Aborto e infertilidade

Aborto

ABORTO DE REPETIÇÃO

Aborto e Infertilidade

 

É designado aborto a perda da gravidez antes de 20 semanas gestacionais (aproximadamente 5 meses), é uma ocorrência obstétrica relativamente frequente e pode causar um grande impacto emocional na mulher.

Em alguns casos pode ocorrer repetidas vezes, necessitando de investigação. Cerca de 10 a 20% de todas as gestações diagnosticadas irão evoluir para um aborto. O risco de um casal vivenciar uma perda gestacional é de 20% para o casal que já teve um aborto, esse risco é de 28% após 2 episódios e sobe para 43% após 3 ou mais episódios.

É considerado aborto de repetição a ocorrência de três ou mais abortos consecutivos que ocorre antes de 20 semanas de gestação. Atualmente já podemos iniciar a investigação de possíveis causas a partir de 2 perdas. Estima-se que 2% a 5% dados casais sofrem com esse problema.

QUAIS SÃO AS CAUSAS?

Infelizmente nem sempre será possível diagnosticar uma causa específica, mas há alguns fatores que devem sempre ser investigados diante de um quadro de perdas de repetição. Um fato importante que deve ser levado em conta é a idade gestacional em que ocorreu o aborto, se tardio (após os 3 primeiros meses) ou precoce (nos primeiros 3 meses de gravidez). Além disso, a história clínica detalhada do evento também é importante, como por exemplo, se o aborto ocorreu em um contexto infeccioso ou não.

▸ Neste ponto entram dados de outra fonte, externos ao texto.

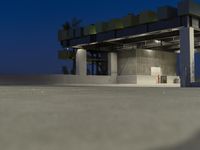 a small white kitchen outside with lights at night time, concrete area and concrete column

A principal causa de aborto espontâneo de primeiro trimestre é alguma alteração genética, responsável por aproximadamente 50% dos casos. Isso não significa que os pais tenham alguma alteração genética, a maioria das vezes as alterações ocorrem por um erro na divisão celular durante a formação dos gametas ou na formação do zigoto. Outras vezes os pais podem carregar algumas alterações e para fazer esse diagnóstico, é preciso realizar um exame de cariótipo do casal. As anormalidades estruturais do útero como miomas, pólipos, aderências e útero septado, são outra causa importante de aborto, responsáveis por cerca de 10 a 50% dos casos dependendo dos estudos. Outras causas relacionadas que devem sempre ser investigadas são as trombofilias hereditárias e adquiridas e fatores hormonais. Dentre os fatores hormonais se destacam citar distúrbios da prolactina e tireoide.

QUAL É O TRATAMENTO?

O tratamento é direcionado para a causa do aborto. Infelizmente, como dito anteriormente, nem sempre encontramos a causa.
Se a causa é hormonal, ela deve ser regularizada antes de uma nova gestação. Em casos de septos ou outras anormalidades do útero, a histeroscopia é a melhor forma de resolução, sendo um procedimento pouco invasivo e com ótimos resultados. Já nos casos de trombofilias existem alguns medicamentos que podem diminuir o risco durante a nova gestação.

Outro aspecto fundamental a ser considerado é o impacto psicológico que a vivência dessas perdas pode ter para o casal, dessa forma, o acompanhamento com equipe multidisciplinar se faz ainda mais importante.

A paciente deve buscar orientação, apoio e ajuda.

 

A consulta com ginecologista e obstetra para uma avaliação individualizada antes de planejar uma nova gravidez é imprescindível.